Articles Inspirational articles from Hay House authors

So Your Brother’s a Rock Star?

How to bloom in the shade.
David  Niven Ph.D.
David Niven Ph.D. More by this author
Jul 24, 2010 at 10:00 AM

No combination of what other people want, or what other people want for you, will ultimately make for a satisfying life. But increasingly, people are recognizing that they must define for themselves exactly what they care about, determine what inspires and moves them, and live a life on their terms.

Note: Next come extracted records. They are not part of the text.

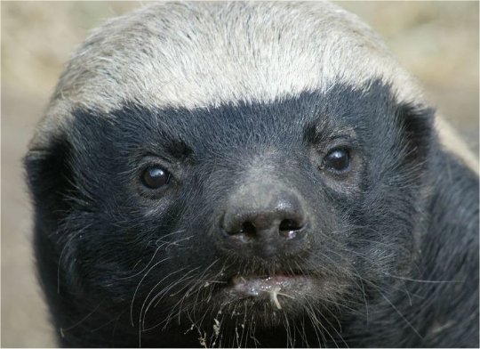 ラーテルは、普段は温和で、おとなしそうな表情を
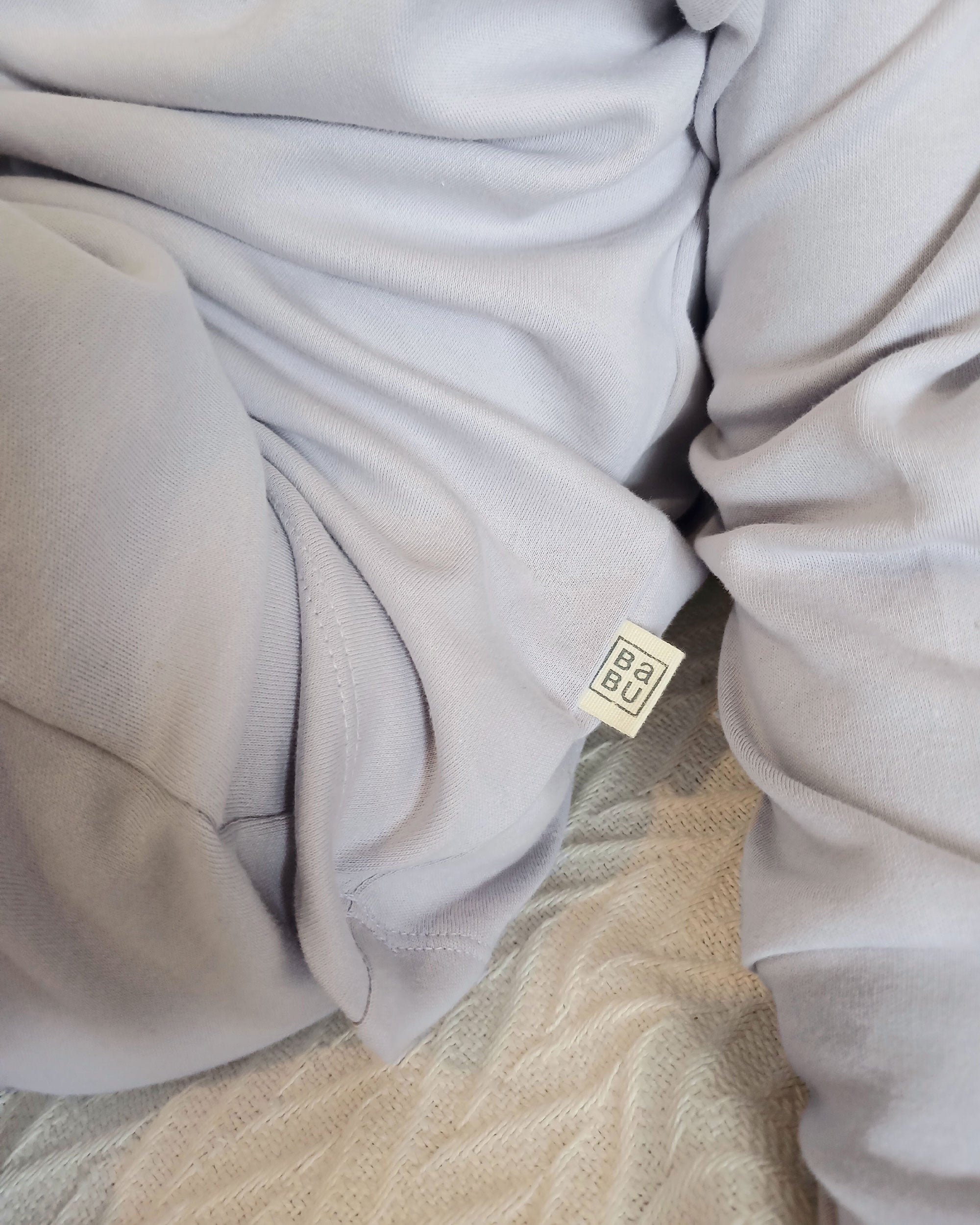 We make most of our cotton clothing basics out of interlock because the double knit construction means they're durable and long lasting, perfect for clothing little mess-makers. Interlock is also thick and super soft, while being naturally breathable, making for a cosy and feel-good fabric for daily essentials that you'll reach for all the time. These qualities are maintained over time and wash after wash too, Babu interlock clothing will keep it's softness and shape, and won't pill.
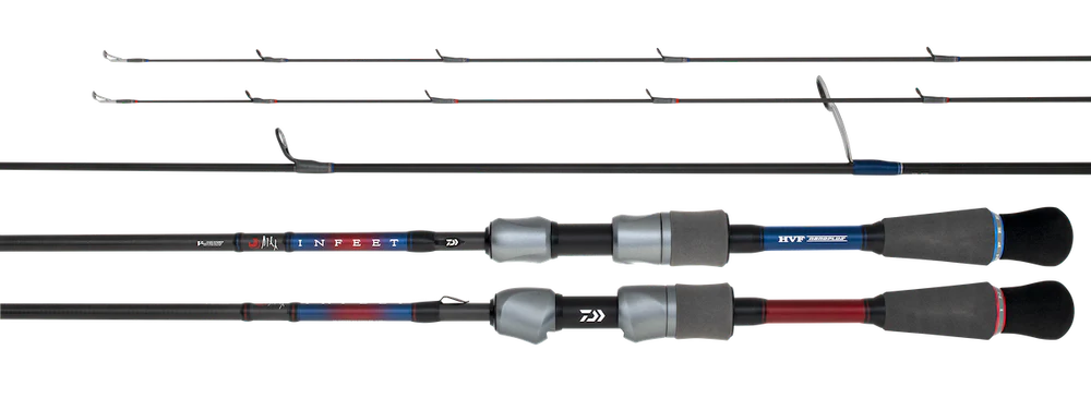 HVF Nanoplus graphite has been combined with X45X Full Shield technology to eliminate blank twist which results in rods which cast insanely well for their size and feel crisp and responsive when casting or working lures. As with all INFEET rods, a distinct red and blue colourway is used to designate the action of the rods, with fast action rods boasting red highlights while moderate or regular action rods are adorned with blue. For INFEET SK, there is two of each model available in both light and ultralight actions to cover the gamut of light-tackle techniques.
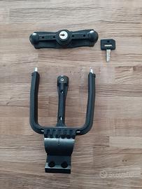 Vendo antifurto Fabbri per due caschi integrali. È nuovo, nella scatola originale (rovinata) e gli accessori sono ancora sigillati nei sacchetti di nylon. L'antifurto ha l'apertura a sfilamento con serratura centrale. All'interno della struttura, un'anima d'acciaio della circonferenza di sei millimetri.
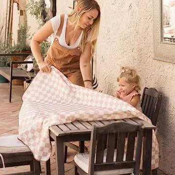 Tiny Twinkle Mess-Proof Splat Mats for Under high Chairs or Table Cover Art Projects for Baby and Toddler - Waterproof, Washable Floor or Table Splash mat 51" x 51" (Brown Checkers)
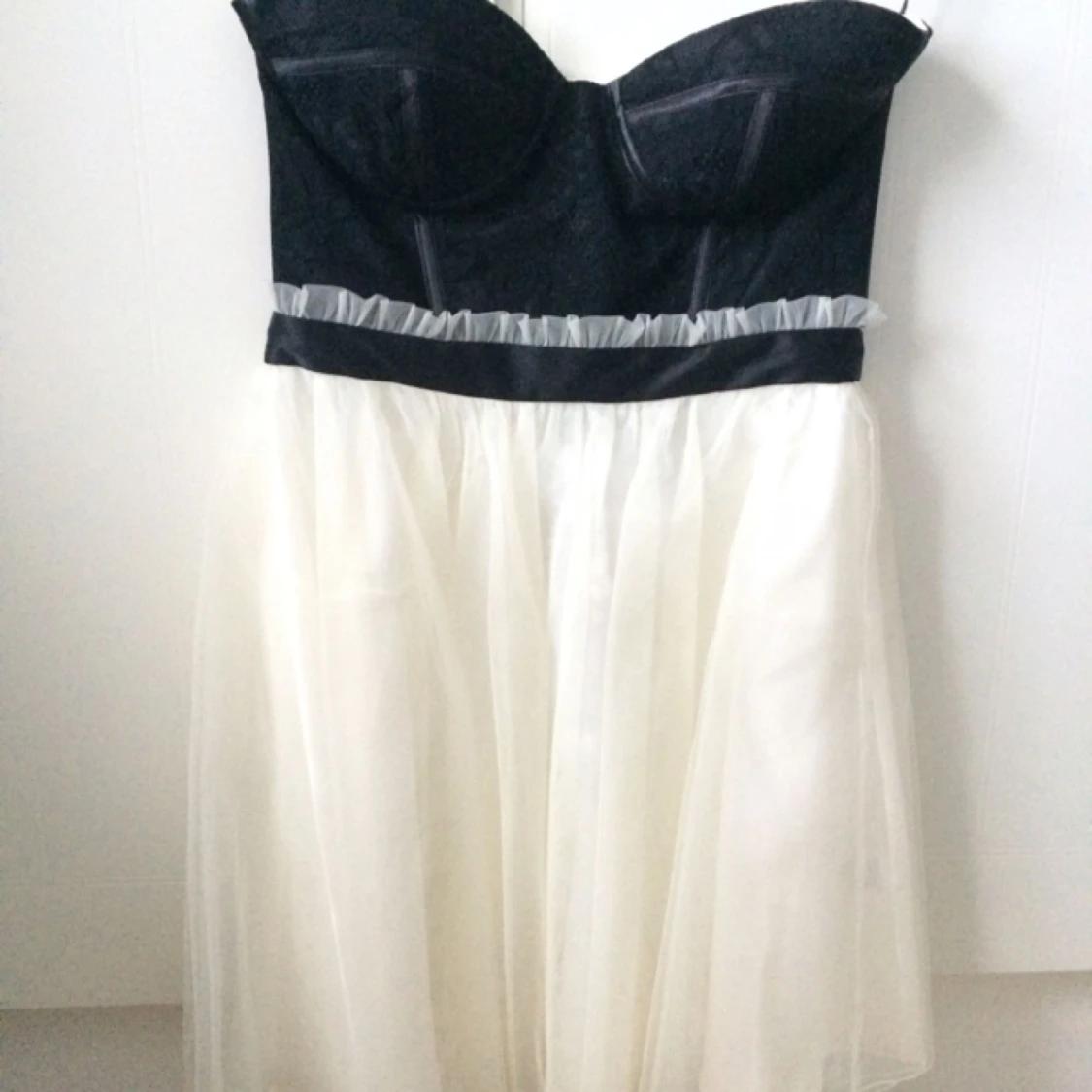 Supersnygg axelbandslös klänning som slutar ovanför knäna. Innanför kuporna finns ett silikon/gummi-rem som gör att klänningen hålls upp bra! Oanvänd. S men passar även S/M. Passar perfekt till balen, studenten eller någon annan festlighet! Köparen står för frakten.

Everybody told Leon Hendrix to find some other line of work. Even his father told him it was hopeless. Leon didn’t want to give up playing guitar, but he heeded the warnings. “I had a psychological impediment, because of my brother,” Leon said. His brother, of course, was Jimi Hendrix.

So Leon delivered packages for a while and worked any odd job that came his way. For a long time, he played guitar as a hobby, before eventually working up the courage to go on stage. “I knew I was not going to be as good as Jimi. But nobody’s as good,” Leon said. “If you look at it that way, nobody could play the guitar anymore—nobody.”

Leon gets paid to make music now, but the life is decidedly modest. He plays to small crowds in rundown venues. Some nights, his take is less than 20 dollars. He rides the bus—not a tour bus, a city bus—to band practice. He endures second billing to his late brother as flyers for his shows tout “Jimi Hendrix’s brother, Leon Hendrix.”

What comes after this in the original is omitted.